:: Dataset entries ::
*****
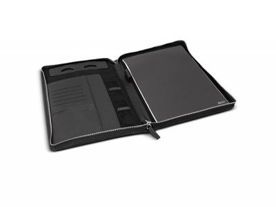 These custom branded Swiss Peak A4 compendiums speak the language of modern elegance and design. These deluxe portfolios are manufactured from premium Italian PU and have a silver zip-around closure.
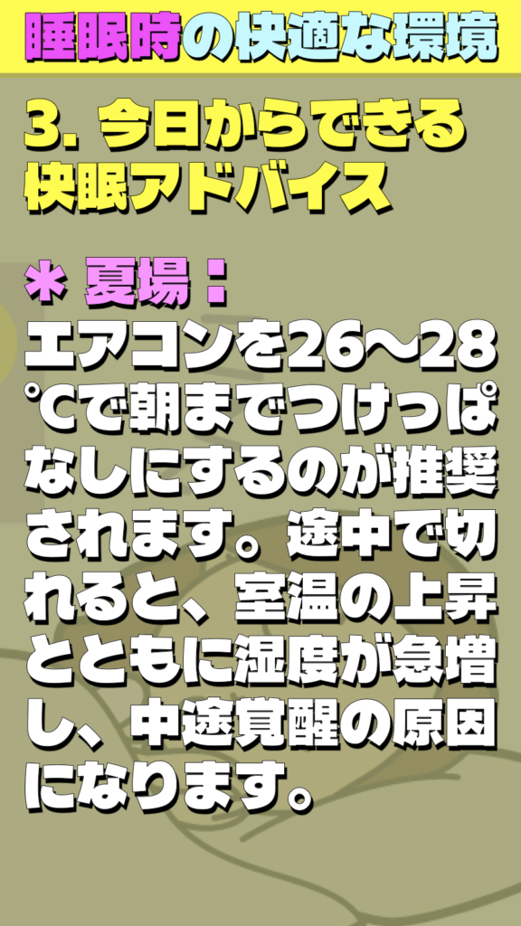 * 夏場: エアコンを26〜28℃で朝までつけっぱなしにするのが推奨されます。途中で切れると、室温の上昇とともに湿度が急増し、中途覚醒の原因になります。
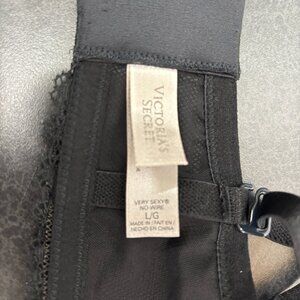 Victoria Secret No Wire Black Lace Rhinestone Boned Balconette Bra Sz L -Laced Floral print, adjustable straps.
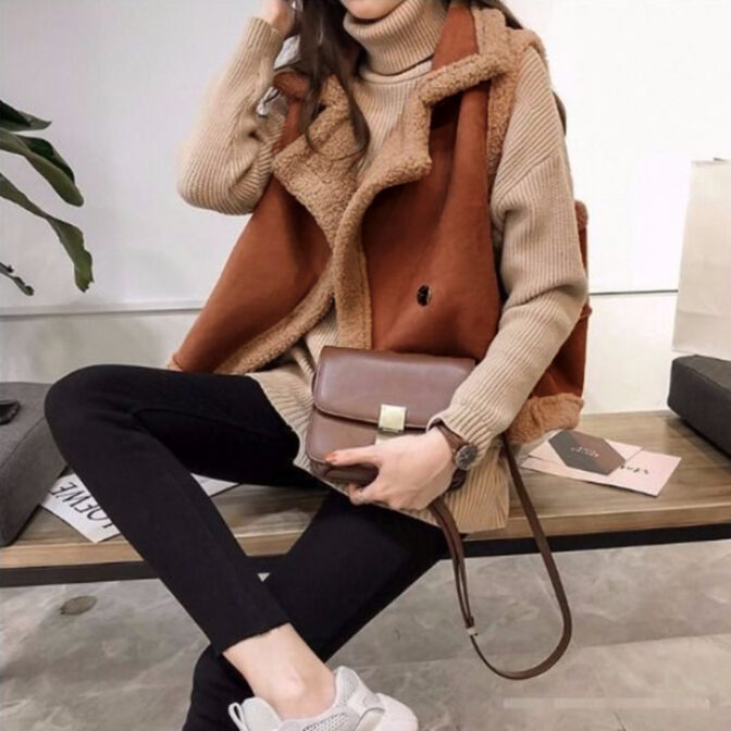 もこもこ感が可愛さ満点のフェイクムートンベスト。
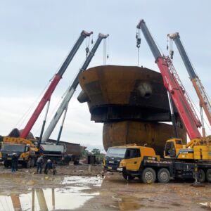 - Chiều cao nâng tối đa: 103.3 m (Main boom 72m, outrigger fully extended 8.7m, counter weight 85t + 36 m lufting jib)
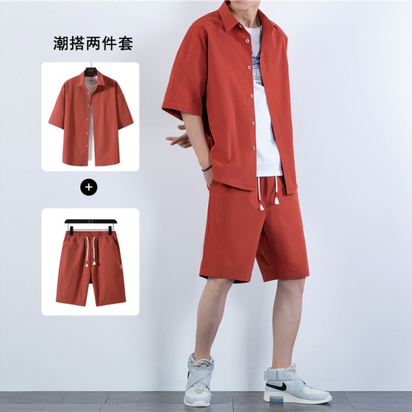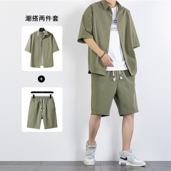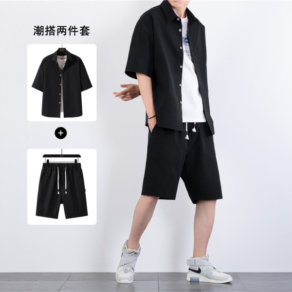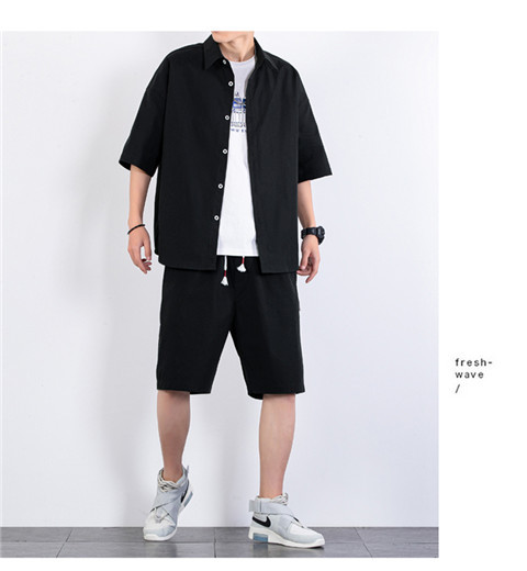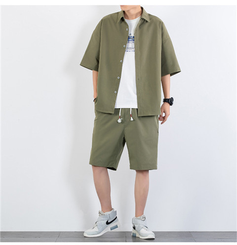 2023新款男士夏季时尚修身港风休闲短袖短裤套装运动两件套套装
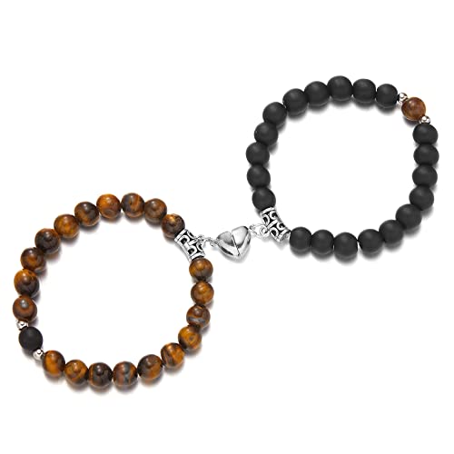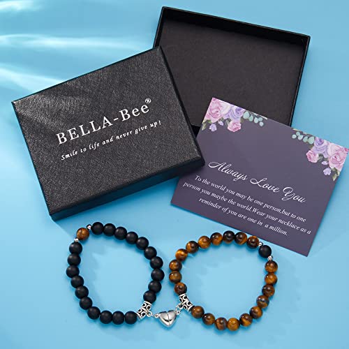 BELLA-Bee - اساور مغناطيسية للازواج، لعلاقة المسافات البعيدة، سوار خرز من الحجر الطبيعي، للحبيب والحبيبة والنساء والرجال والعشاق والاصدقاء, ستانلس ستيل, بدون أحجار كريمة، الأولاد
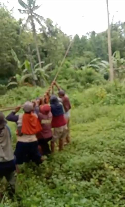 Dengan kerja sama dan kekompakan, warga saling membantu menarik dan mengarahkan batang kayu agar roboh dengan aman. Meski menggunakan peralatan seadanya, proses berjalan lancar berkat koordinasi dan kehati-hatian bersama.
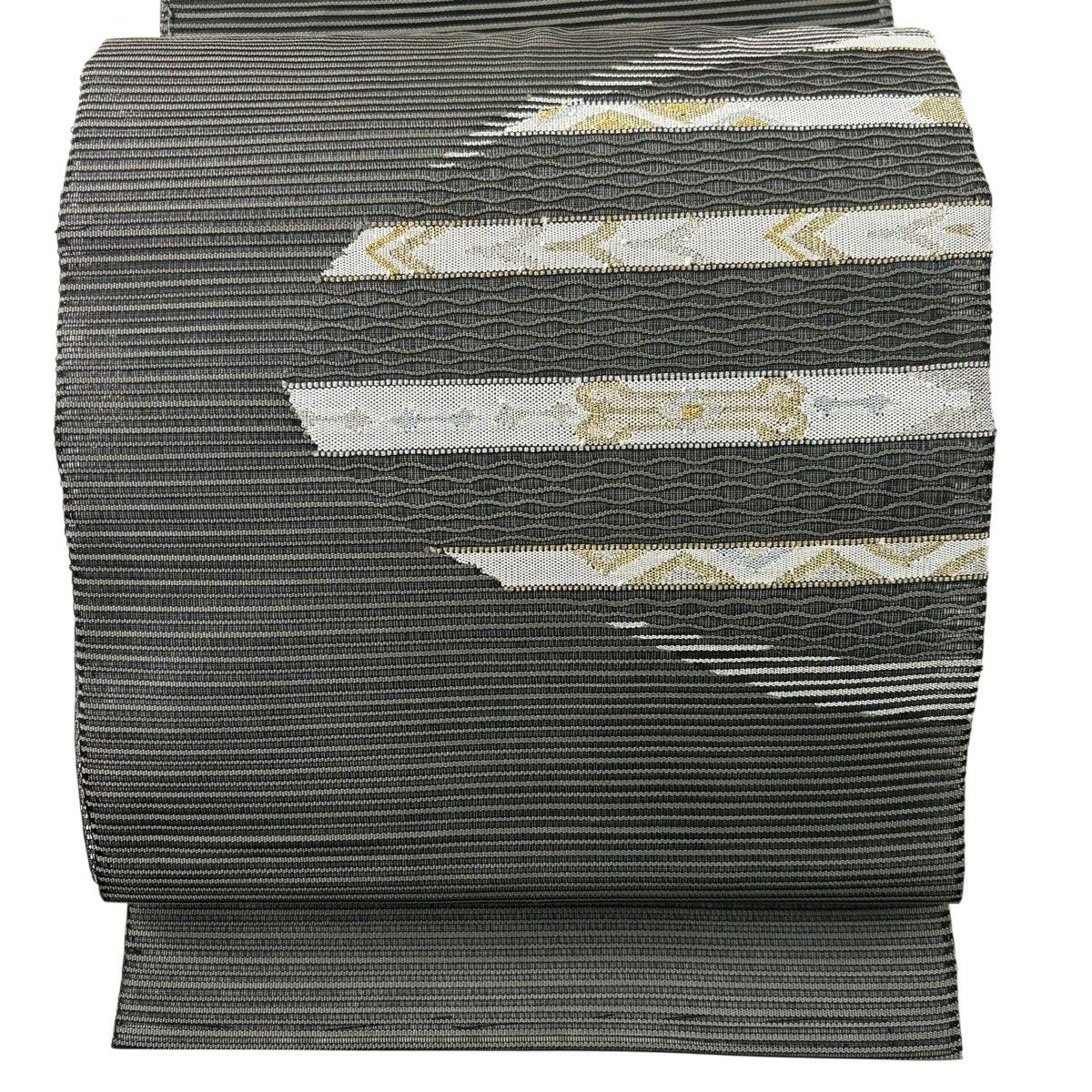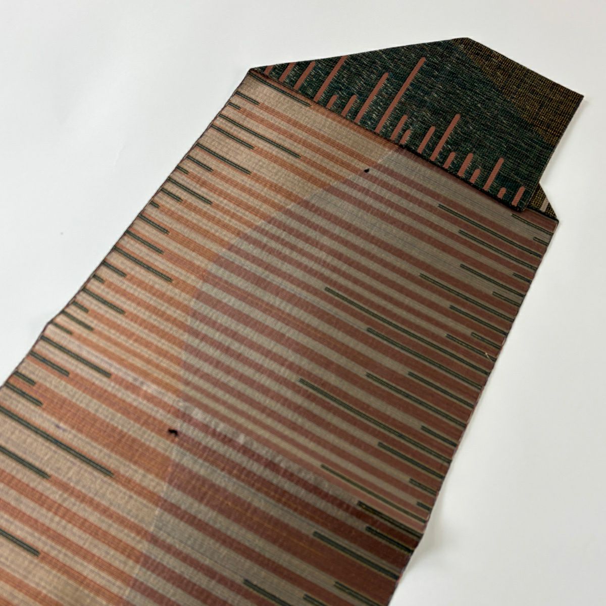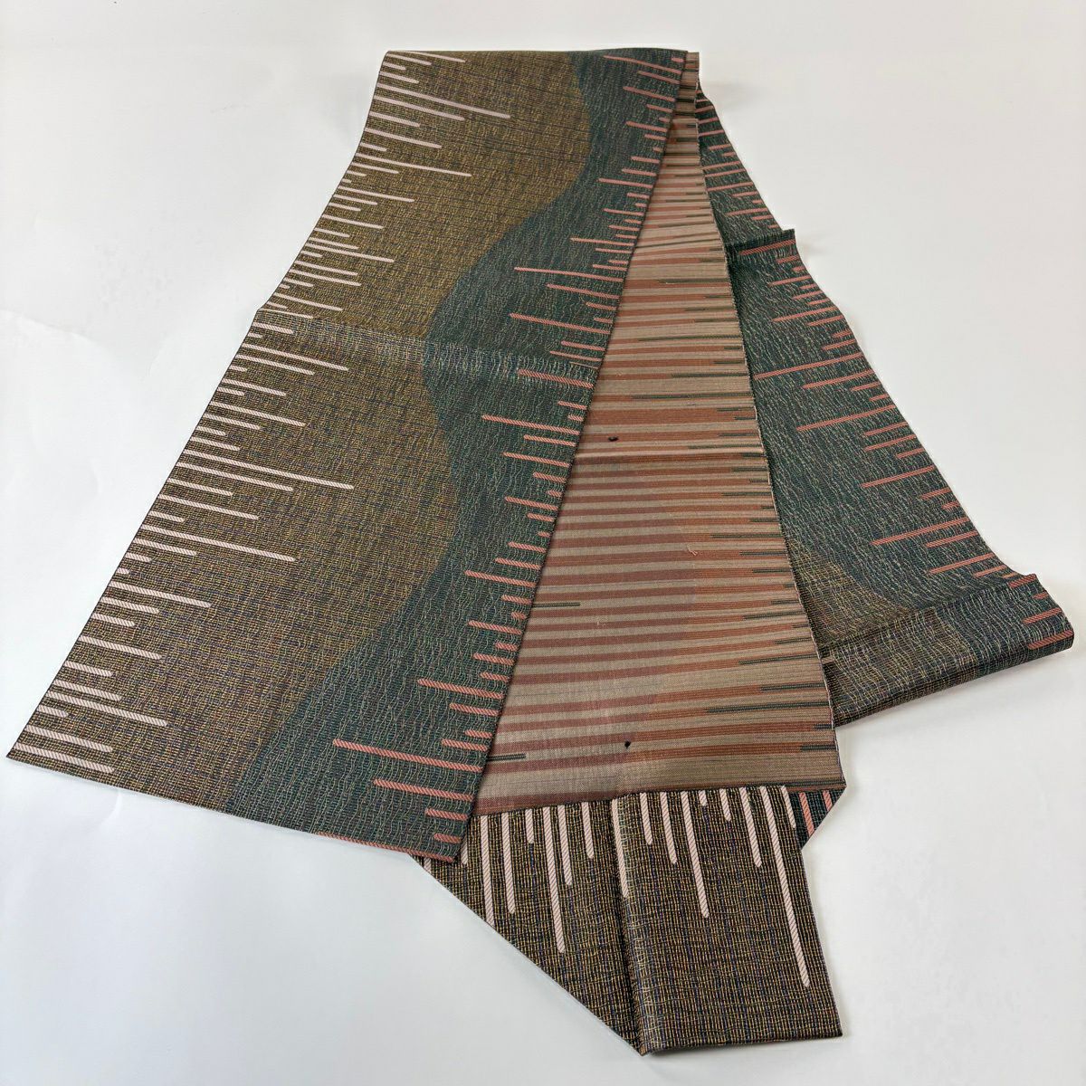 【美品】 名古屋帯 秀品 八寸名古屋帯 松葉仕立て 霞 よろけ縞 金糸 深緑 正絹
*****
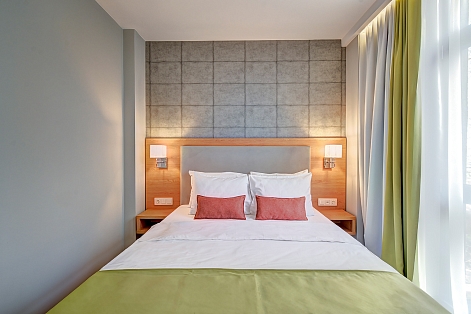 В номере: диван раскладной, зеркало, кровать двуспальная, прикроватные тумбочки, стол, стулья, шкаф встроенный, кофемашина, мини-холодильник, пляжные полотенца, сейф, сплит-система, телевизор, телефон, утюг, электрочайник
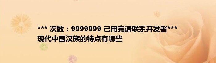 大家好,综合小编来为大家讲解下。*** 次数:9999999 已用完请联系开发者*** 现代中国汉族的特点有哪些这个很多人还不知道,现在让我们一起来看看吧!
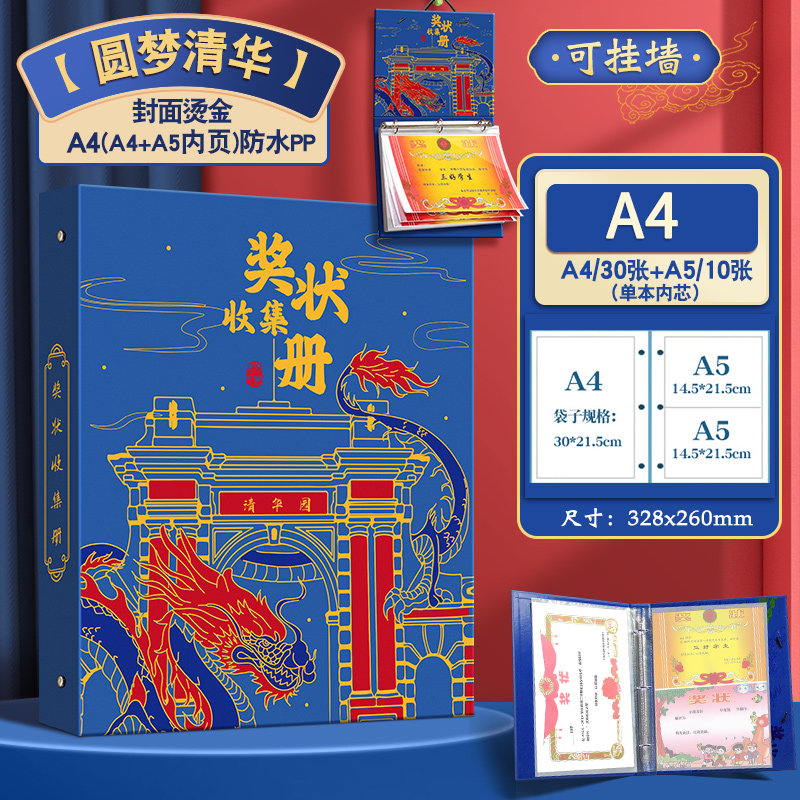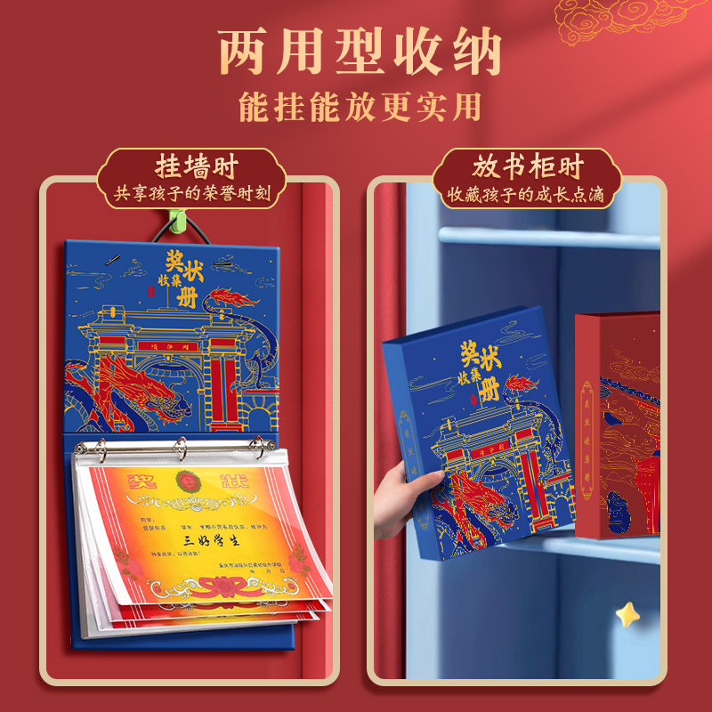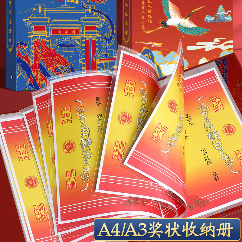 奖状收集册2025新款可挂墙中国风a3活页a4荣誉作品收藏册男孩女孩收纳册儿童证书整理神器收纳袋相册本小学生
*****
Look above and copy only the lines from the one holding "Dengan kerja sama" to the one holding "よろけ縞 金糸 深緑 正絹", both included, exactly, minus the pictures.

 Dengan kerja sama dan kekompakan, warga saling membantu menarik dan mengarahkan batang kayu agar roboh dengan aman. Meski menggunakan peralatan seadanya, proses berjalan lancar berkat koordinasi dan kehati-hatian bersama.
 【美品】 名古屋帯 秀品 八寸名古屋帯 松葉仕立て 霞 よろけ縞 金糸 深緑 正絹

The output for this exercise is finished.